No Dot Net Rant

Okay, I've been thinking about this for a while, but I wanted to write it down.

First, I've got some old coworkers and blog pals who are doing some really cool stuff with .Net and I think it's great for them. They were doing stuff with Microsoft for a long while and I'm happy for them that .Net has finally dropped out of the vapor so they can enjoy the low-level power that Java developers have been enjoying for years. I don't wish evil on these guys. Hey, if you're earning a decent buck doing .Net programming, I'm not going to tell you to stop.

However, all you guys doing Java development, you need to be vigilent. You need to learn .Net's bad points and repeat it to everyone you can possibly repeat it to. It's not DotNet it's DotNot. If your boss is thinking about a Microsoft solution, you need to explain to them the benefits of working with Java instead. If YOU are thinking about downloading a 20 meg runtime and playing with it, resist the temptation and spend the time working on an open Java solution instead.

Why? Because if not, you're going to end up having to program on a Microsoft OS using MS tools the way MS wants you to. You're going to end up helping the $40 Billion Borg double their money they already have. You're going to lose the flexibility and power that Java allows you. You're going to have to start from scratch again learning a more restrictive copy of an already powerful programming language. Just don't do it.

It's very simple. DotNot came several years after Java. Therefore many of the dumb ass things in Java have been fixed (enums for example). This is great for the MS guys but it shouldn't mean crap to the Java guys... we can live without the small improvements. And though it sounds great that DotNot's VOS means that you can program in any "language" that you want to since it all boils down to an abstract object system underlying the code, it's a lie. It's all just marketing. Everyone's going to end up using C# anyways since it most closely models the object system and mimics Java the best.

Some of the things that DotNot does do better is things that should have been fixed years ago in Java, I admit. Visual Studio is still the best IDE there is - though hopefully Eclipse will start to change that soon. And WindowsForms kicks Swings ass. Hopefully XUL and Mozilla will come to the rescue, but still, it's a weak point. And finally, the DotNot CLR is going to be faster on MSOSes than the JVM... it's a fact. It's targeted at one platform and for speed whereas the JVM is made for portability with JIT tacked on after...

The DotNot system in general is technically strong - there should be no debate about this. But still. There is NO ROOM for TOLERANCE of DOT NOT. Scott McNealy, not known for his tact and not my favorite person, did say it best:

"Think Java. Write new applications in Java. Rewrite legacy apps with Java. Don't upgrade or downgrade. Sidegrade instead to a Java desktop device... I don't understand why anybody would be programming in anything other than Java"

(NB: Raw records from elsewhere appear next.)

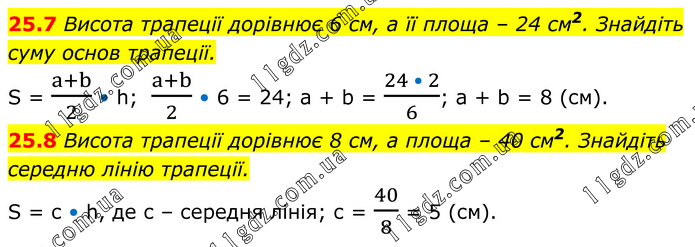 25.7 Висота трапеції дорівнює 6 см, а її площа – 24 см2. Знайдіть суму основ трапеції. S = (a+b)/2 • h; (a+b)/2 • 6 = 24; a + b = (24 • 2)/6; a + b = 8 (см). 25.8 Висота трапеції дорівнює 8 см, а площа – 40 см2. Знайдіть середню лінію трапеції. S = c • h, де с – середня лінія; с = 40/8 = 5 (см).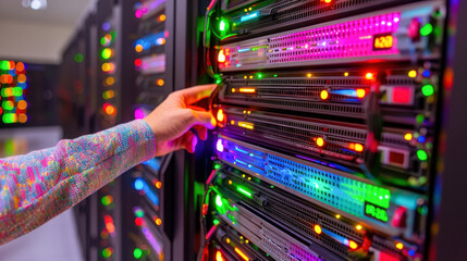 Person managing server rack in data center. High-tech infrastructure with colorful LED lights. Technology and network concept.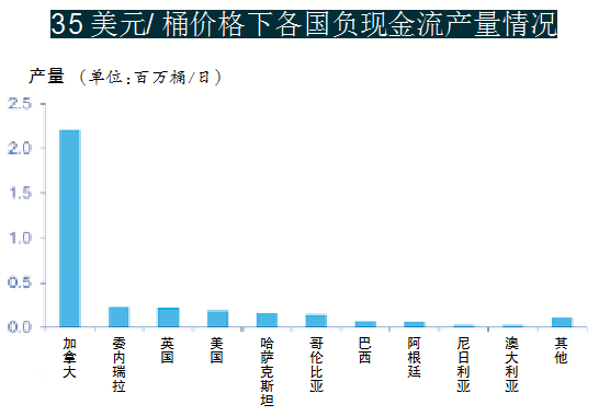 油價為35美元/桶時,加拿大有220萬桶/日的石油都達到負現金流經營成本(主要是油砂及艾伯塔省和大不列顛哥倫比亞省的常規井)。委內瑞拉次之,有23萬桶/日重油出現負現金流經營成本,隨后是英國的22萬桶/日和美國的19萬桶/日。油價低于30美元/桶時,致密油生產開始出現負現金經營成本。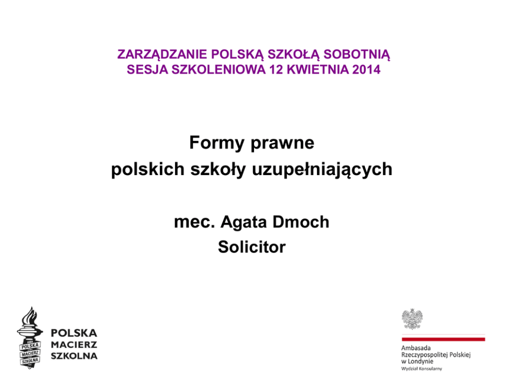 ZARZĄDZANIE POLSKĄ SZKOŁĄ SOBOTNIĄ SESJA SZKOLENIOWA 12 KWIETNIA 2014 Formy prawne polskich szkoły uzupełniających mec. Agata Dmoch Solicitor ZARZĄDZANIE POLSKĄ SZKOŁĄ SOBOTNIĄ SESJA SZKOLENIOWA 12 KWIETNIA 2014 Miejsce polskich szkół na mapie organizacji w UK oraz zwierzchnictwo ZARZĄDZANIE POLSKĄ SZKOŁĄ SOBOTNIĄ SESJA SZKOLENIOWA 12 KWIETNIA 2014 Formy prawne • Unincorporated Association (Stowarzyszenie) • Charitable Incorporated Organisations • Company Limited by Guarantee • Community Interest Company • Charity (incorporated lub unincorporated) • Duża dowolność wyboru ze względu na potrzeby organizacji non-profit ZARZĄDZANIE POLSKĄ SZKOŁĄ SOBOTNIĄ SESJA SZKOLENIOWA 12 KWIETNIA 2014 Miejsce polskich szkół na mapie organizacji w UK oraz zwierzchnictwo ZARZĄDZANIE POLSKĄ SZKOŁĄ SOBOTNIĄ SESJA SZKOLENIOWA 12 KWIETNIA 2014 Przyjęte Założenia • Cel działalność społeczna (non-profit) • Niskie opłaty • Organizacja będzie się starać o dofinansowanie • Głównym celem jest nauka • Pracujemy z dziećmi • Zarząd to głównie Wy • Organizacja nie ma lub ma niewielki kapitał/dobra trwałe (budynki, samochody, sprzęt etc.) ZARZĄDZANIE POLSKĄ SZKOŁĄ SOBOTNIĄ SESJA SZKOLENIOWA 12 KWIETNIA 2014 Objectives/Cele Organizacji? ZARZĄDZANIE POLSKĄ SZKOŁĄ SOBOTNIĄ SESJA SZKOLENIOWA 12 KWIETNIA 2014 Objectives/Cele Co będzie celami organizacji? Jeżeli Registered Chairty to Cele są odgórnie wyznaczone i muszą być „wholly and exclusively charitable” The advancement of education; The advancement of religion; The advancement of citizenship or community development; The advancement of the arts, culture, heritage or science; The advancement of amateur sport; Jeżeli nie Registered Chairty to Cele są dowolne (NB dofinansowanie) ZARZĄDZANIE POLSKĄ SZKOŁĄ SOBOTNIĄ SESJA SZKOLENIOWA 12 KWIETNIA 2014 Przykład ZARZĄDZANIE POLSKĄ SZKOŁĄ SOBOTNIĄ SESJA SZKOLENIOWA 12 KWIETNIA 2014 Decyzja o formie – co należy rozważyć: • Odpowiedzialność osobista • Własność • Fundusze i dofinansowanie • Zarządzanie • Zysk ZARZĄDZANIE POLSKĄ SZKOŁĄ SOBOTNIĄ SESJA SZKOLENIOWA 12 KWIETNIA 2014 W każdej konstytucji: Nazwa – sprawdzić czy już nie istnieje Cele Uprawnienia zarządu Zarząd oraz jego wybór Zgromadzenia i głosowanie Członkowstwo Rozliczenia roczne Konta Zarząd oraz powiązania Nieruchomości i dobra Inwestowanie Zmiany Rozwiązanie Prawo poszczególnych funkcjonariuszy do wiązania członków. ZARZĄDZANIE POLSKĄ SZKOŁĄ SOBOTNIĄ SESJA SZKOLENIOWA 12 KWIETNIA 2014 Unincorporated Association (Stowarzyszenie) ZARZĄDZANIE POLSKĄ SZKOŁĄ SOBOTNIĄ SESJA SZKOLENIOWA 12 KWIETNIA 2014 Formalności Nie ma ustawowej definicji Stowarzyszenia Lawton LJ in Conservative and Unionist Central Office v Burrell "two or more persons bound together for one or more common purposes, not being business purposes, by mutual undertakings each having mutual duties and obligations, in an organisation which has rules which identify in whom control of it and its funds rests and on what terms and which can be joined or left at will„ ZARZĄDZANIE POLSKĄ SZKOŁĄ SOBOTNIĄ SESJA SZKOLENIOWA 12 KWIETNIA 2014 Pełna odpowiedzialność zarządu (wynajem, pracownicy, umowy etc.) Bez rejestracji (wystarczy, że “two or more persons bound together for one or more common purpose”) Potrzebna jest konstytucja/ zasady stowarzyszenia (Rules/Constitution) Zarządza zarząd Głosują członkowie Można określić kto ma prawo głosu i w jakich sprawach ZARZĄDZANIE POLSKĄ SZKOŁĄ SOBOTNIĄ SESJA SZKOLENIOWA 12 KWIETNIA 2014 Unincorporated Association (Stowarzyszenie) Przykład konstytucji Stowarzyszenia • Model constitution for charitable unincorporated associations • http://www.charitycommission.gov.uk/media/94739/gd3text.pdf ZARZĄDZANIE POLSKĄ SZKOŁĄ SOBOTNIĄ SESJA SZKOLENIOWA 12 KWIETNIA 2014 Unincorporated Association (Stowarzyszenie) Za i przeciw: • Łatwość i dowolność w prowadzeniu • Nieograniczona odpowiedzialność ZARZĄDZANIE POLSKĄ SZKOŁĄ SOBOTNIĄ SESJA SZKOLENIOWA 12 KWIETNIA 2014 • Charitable Incorporated Organisations ZARZĄDZANIE POLSKĄ SZKOŁĄ SOBOTNIĄ SESJA SZKOLENIOWA 12 KWIETNIA 2014 Charitable Incorporated Organisations Rejestracja: • Obowiązkowa rejestracja w the Charity Commision (CC) “Wholly and exclusively charitable” Incorporated – więc ma osobną osobowość prawną i wstępuje w umowy jako osobny twór, a nie jako zarząd Odpowiedzialność zarządu jest ograniczona Potrzebna jest konstytucja Zarządzają trustees Obowiązkowe annual return i accounts do CC Obowiązkowa lista trustees oraz członków Dwa modele (association oraz foundation) ZARZĄDZANIE POLSKĄ SZKOŁĄ SOBOTNIĄ SESJA SZKOLENIOWA 12 KWIETNIA 2014 • Charitable Incorporated Organisations • https://www.deloitte.com/assets/Dcom- UnitedKingdom/Local%20Assets/Documents/Industries/uk-charitycharitable-incorporated-organisations.pdf (Rozdział 1 porównanie CIO z innymi formami, Rozdział 2 zakładanie CIO, Rozdział 3 przekształcanie istniejących organizacji w CIO). • Różnica pomiędzy CIO association v foundation • Co powinna zawierać konstytucja • http://www.charitycommission.gov.uk/media/94471/CIO- FoundationModelConstitution.pdf • http://www.charitycommission.gov.uk/media/94463/CIOAssociationModelConstitution.pdf ZARZĄDZANIE POLSKĄ SZKOŁĄ SOBOTNIĄ SESJA SZKOLENIOWA 12 KWIETNIA 2014 Charitable Incorporated Organisations Za i przeciw Ograniczona odpowiedzialność Najłatwiejsza forma z tych, które dają ochronę zarządowi, wiąże się jednak z większą ilością biurokracji niż Stowarzyszenie Nowa forma prawna, więc wiele niewiadomych ZARZĄDZANIE POLSKĄ SZKOŁĄ SOBOTNIĄ SESJA SZKOLENIOWA 12 KWIETNIA 2014 Company Limited by Guarantee ZARZĄDZANIE POLSKĄ SZKOŁĄ SOBOTNIĄ SESJA SZKOLENIOWA 12 KWIETNIA 2014 Company Limited by Guarantee – Rejestracja Rejestracja:

Perfect. Explain it to your boss in terms of Microsoft FUD:

1) There's already a bunch of time, effort and money invested in Java solutions. The bugs have been worked out by now. .Net's just starting... it's a classic MS solution that won't be production grade until version 3.0 . There's no technological or economic reason to switch or even consider DotNot.

2) There's already a bunch of people who understand Java. Why retrain or chance a technology that's only limiting your resources?

3) So what if you can program in any language you want in DotNot. Do you REALLY want all your in-house apps written in 20 freakin' languages? Even if they can interoperate, it'll be a maintenance nightmare. And don't think you can just port all your COBOL code to .COBOL# or whatever it's called because it won't work. Every language needs to conform to the CLS, which means fundamental changes to the way they work. Ask the VB guys. It's all just MS crap.

4)Security: It's Microsoft. Look at their track record. Are you going to trust them? Nope. Does "managed code" seem like a good idea to you? Nope. Will the system be buggy and full of dangerous overflow holes? You bet. It's a fact. It's a 1.0 MS product... it's going to suck for several more years. Bet on it.

Right now I can develop for website using Java locally on an MSOS and push it to my Linux server 2000 miles away without a moments hesitation. It works exactly as advertised. At work it's the same thing, but with HP-UX as the server. In thinking about my next computer, I can look at Macs, Linux boxen or another MSOS... it doesn't really matter. However, once you start down the .Net road, you're never turning back.

My Mom and I were chatting today (about the new pics mostly) and she asked me, "Hey, what's with the Butterfly? Is that something I want?" Oh Jesus. No. This is what's happening in the programming world too. Microsoft is using its marketing muscle to put .Net out there... But if you're a Java guy you have to resist this crap and do what you can to fight against it.

Remember Netscape? Remember how they singlehandedly launched the internet boom while Microsoft was pushing MSN 1.0? And then Microsoft came in, copied the product, gave it away for free, and crushed it out of existance. What do you think is going to happen to Java? They've copied the technology, now they're launching a full out attack on Sun. In as little as 4 or 5 years, Java could be a niche language like COBOL. Don't let it happen.

It's war. You're either on the good side or the bad side. And we all know who the convicted felons are. Personally, I don't know how Microsoft programmers sleep at night.